In order to use the meeting-place test, the office space must be used to physically meet with clients, and the use of the space has to be integral to the employer’s business. With respect to the separate-structure test, there is no requirement that the taxpayer meet with patients or clients. An artist’s studio, greenhouse, or carpenter’s workshop could qualify. As with the principal-business test, an employee must show the use is for the convenience of his employer to meet either the separate-structure test or the client-meeting-place test.
Anyone who is considering the home office deduction needs to assess whether the potential deduction is worth the record keeping (i.e. regular and exclusive use support) and the risk of an audit.
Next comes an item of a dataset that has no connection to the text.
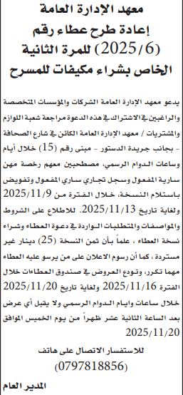 عطاء شراء مكيفات لمعهد الادارة العامة

An employee who qualifies will not receive a tax benefit unless the home office deduction, along with other miscellaneous itemized deductions, exceed the 2% floor of the employee’s adjusted gross income.
The amount of the home office deduction is also subject to limitations that are based on the income attributable to the taxpayer’s use of the home office. Additionally, if the residence holding the home office is later sold at a gain that would otherwise have been excluded from income tax under the principal residence exclusion ($250,000/$500,000), a portion of the profit equal to the amount of depreciation claimed on the home office will be taxable.
There are benefits to having a home office, but be sure to evaluate its use carefully when considering claiming this deduction. As always, be sure to speak with your tax professional if you have any questions.